__INSTRUCTIONS FOR THE TASK__
Images excluded, repeat each entry below exactly.

DATA Block Start

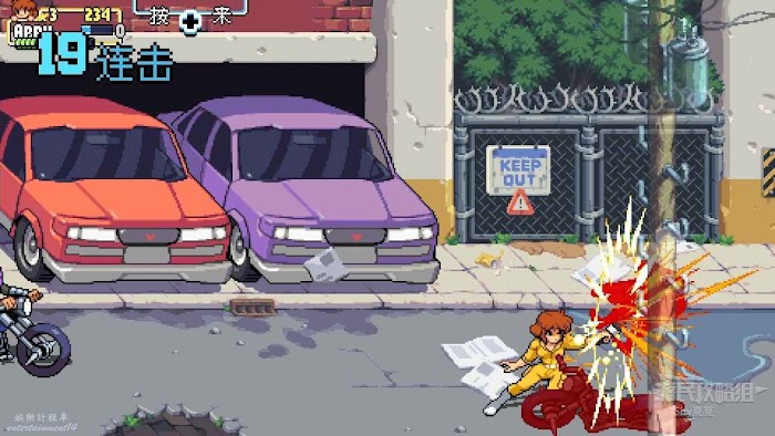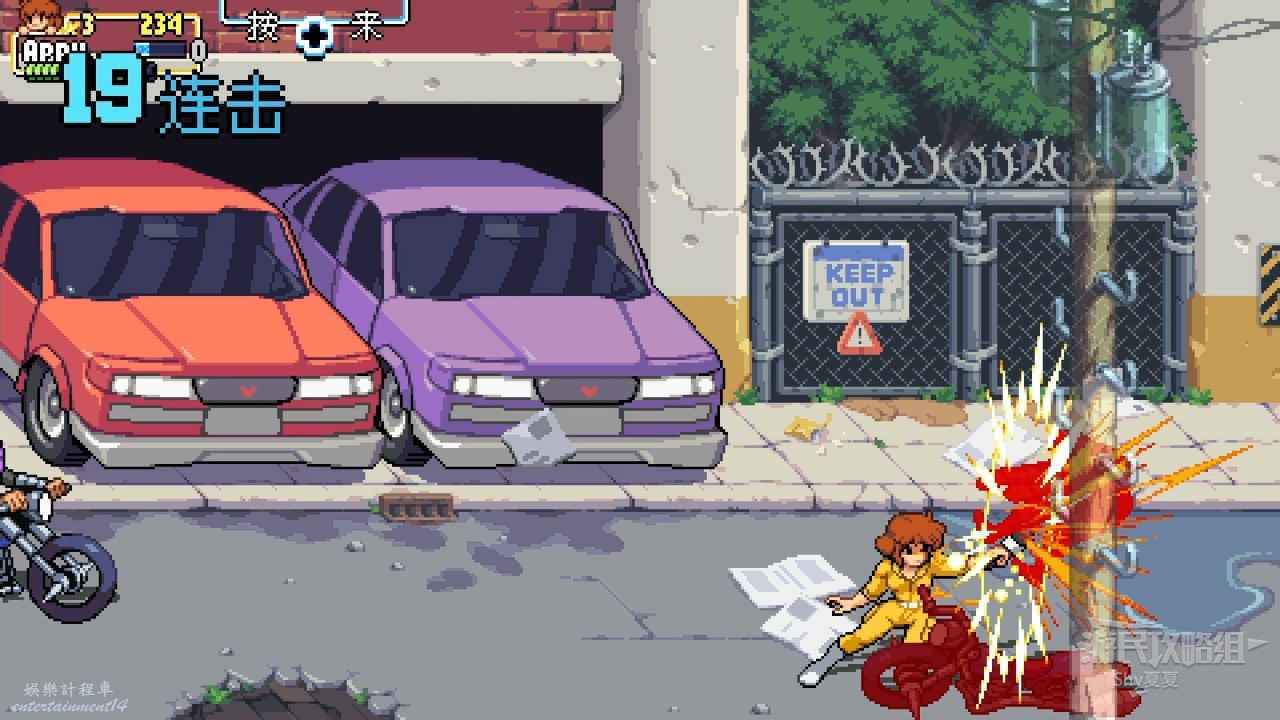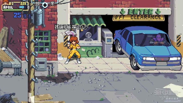 開車紫色大腳忍者:只要走到車前就會開車,應對方法就是走到車前後,馬上後空翻翻回來,就能躲開。
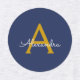 Navy Blue Gold Moderne Script Girl Monogram Name Etiketten
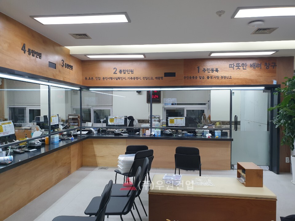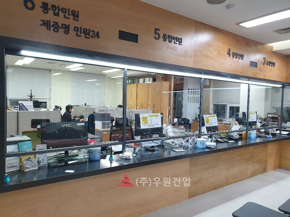 주민센터 청사 내부 코로나 환경 개선 공사로 민원 행정실 유리 칸막이 및 강화 도어 설치 작업 공사를 진행하였습니다. 안전하게 업무를 볼 수 있는 환경을 갖추도록 공사 시공을 완료하였습니다.
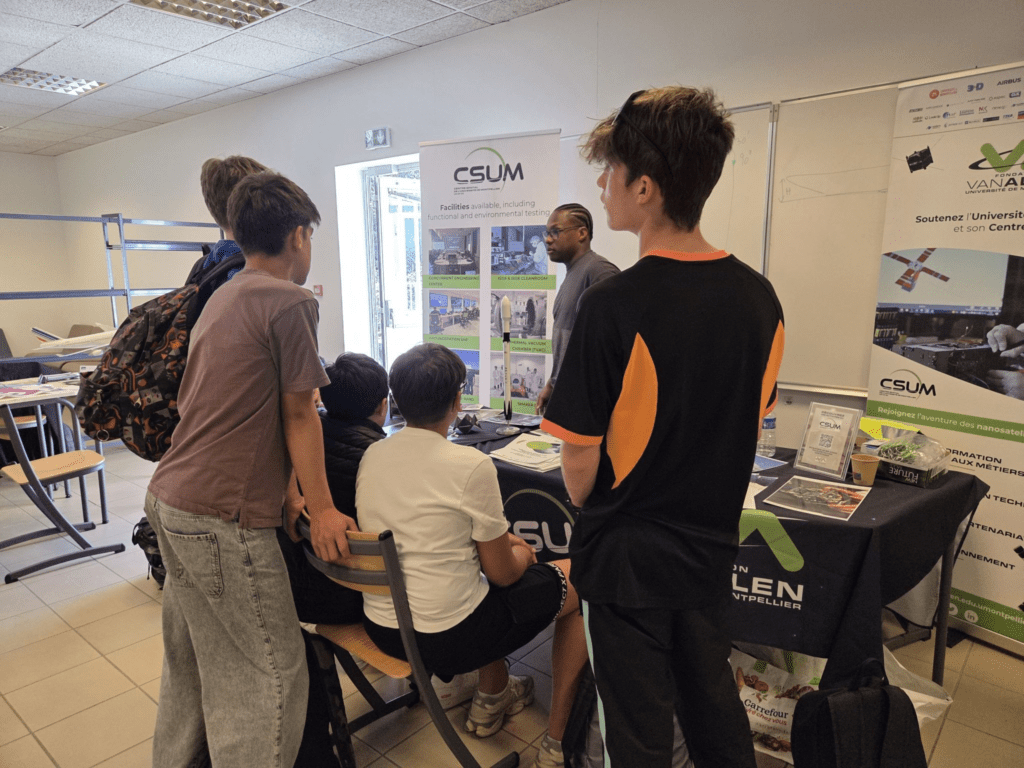 À l’aéroport de Nîmes, ils ont rencontré près d’une cinquantaine de jeunes (BIA, collégien·nes, lycéen·nes et BTS Aéro) venus découvrir les coulisses du Centre Spatial de l’Université de Montpellier (CSUM) et de nos hashtag#nanosatellites.
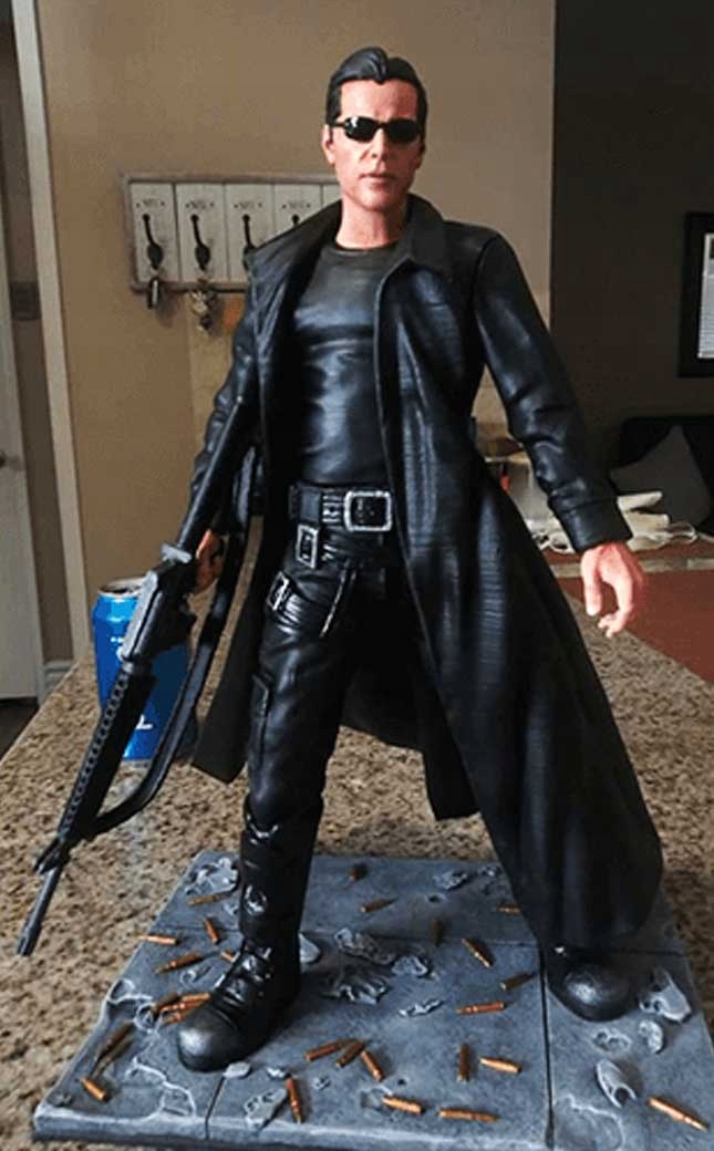 Вдохновленный легендарной трилогией Вачовски, 3D. Художник потратил около 155 часов на создание фигурки главного героя Нео. Автор модели решил использовать культовый постер кинопремьеры «Матрицы», изображающий Нео, Морфеуса, Тринити и Сайфера на характерном фоне шрифтового кода «цифровой дождь». Как и на плакате, фигура изображена в культовом длинном тренче, расстегнутой черной футболке с длинными рукавами и сапогах до колена с пряжками и ремешками. Акцентируя внимание на мельчайших деталях модели, 3D-художник позаботился о том, чтобы добавить к костюму фигурки Нео тактические полосы на ногах. Наконец, фигура изображена с культовой винтовкой М16 и в культовых солнцезащитных очках «Матрица» в ультратонкой оправе. Мрачный и зеленый мир «Матрицы» сделал Киану Ривза поп-иконой, а главный вопрос «Красная капсула» или «Синяя капсула» заставляет многих поклонников научной фантастики по всему миру спорить о выборе.

DATA Block End

__OUTPUT BELOW__
 開車紫色大腳忍者:只要走到車前就會開車,應對方法就是走到車前後,馬上後空翻翻回來,就能躲開。
 Navy Blue Gold Moderne Script Girl Monogram Name Etiketten
 주민센터 청사 내부 코로나 환경 개선 공사로 민원 행정실 유리 칸막이 및 강화 도어 설치 작업 공사를 진행하였습니다. 안전하게 업무를 볼 수 있는 환경을 갖추도록 공사 시공을 완료하였습니다.
 À l’aéroport de Nîmes, ils ont rencontré près d’une cinquantaine de jeunes (BIA, collégien·nes, lycéen·nes et BTS Aéro) venus découvrir les coulisses du Centre Spatial de l’Université de Montpellier (CSUM) et de nos hashtag#nanosatellites.
 Вдохновленный легендарной трилогией Вачовски, 3D. Художник потратил около 155 часов на создание фигурки главного героя Нео. Автор модели решил использовать культовый постер кинопремьеры «Матрицы», изображающий Нео, Морфеуса, Тринити и Сайфера на характерном фоне шрифтового кода «цифровой дождь». Как и на плакате, фигура изображена в культовом длинном тренче, расстегнутой черной футболке с длинными рукавами и сапогах до колена с пряжками и ремешками. Акцентируя внимание на мельчайших деталях модели, 3D-художник позаботился о том, чтобы добавить к костюму фигурки Нео тактические полосы на ногах. Наконец, фигура изображена с культовой винтовкой М16 и в культовых солнцезащитных очках «Матрица» в ультратонкой оправе. Мрачный и зеленый мир «Матрицы» сделал Киану Ривза поп-иконой, а главный вопрос «Красная капсула» или «Синяя капсула» заставляет многих поклонников научной фантастики по всему миру спорить о выборе.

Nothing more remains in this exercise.